This requires some knowledge of the Nga architecture to be
useful. The major elements are:
**Instruction Set**
Nga has 27 instructions. These are:
0 nop 7 jump 14 gt 21 and
1 lit <v> 8 call 15 fetch 22 or
2 dup 9 ccall 16 store 23 xor
3 drop 10 return 17 add 24 shift
4 swap 11 eq 18 sub 25 zret
5 push 12 neq 19 mul 26 end
6 pop 13 lt 20 divmod
The mnemonics allow for each name to be reduced to just two
characters.

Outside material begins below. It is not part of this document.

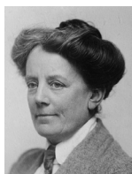
Dame Ethel Smyth

What of Mahler's female contemporaries, mostly unheralded in their time?

In the same order as above:
no ju gt an
li ca fe or
du cc st xo
dr re ad sh
sw eq su zr
pu ne mu en
po lt di
Up to four instructions can be packed into a single memory
location. (You can only use *no*p after a *ju*mp, *ca*ll,
*cc*all, *re*t, or *zr*et as these alter the instruction
pointer.)
So a bundled sequence like:
lit 100
lit 200
add
ret
Would look like:
'liliadre i
100 d
200 d
And:
lit s:eq?
call
Would become:
'lica.... i
's:eq? r
Note the use of `..` instead of `no` for the nop's; this is
done to improve readability a little.
Instruction bundles are specified as strings, and are converted
to actual instructions by the `i` word. As in the standard Muri
assembler, the RETRO version uses `d` for decimal values and `r`
for references to named functions.
This is kept in the global namespace, but several portions are
kept private.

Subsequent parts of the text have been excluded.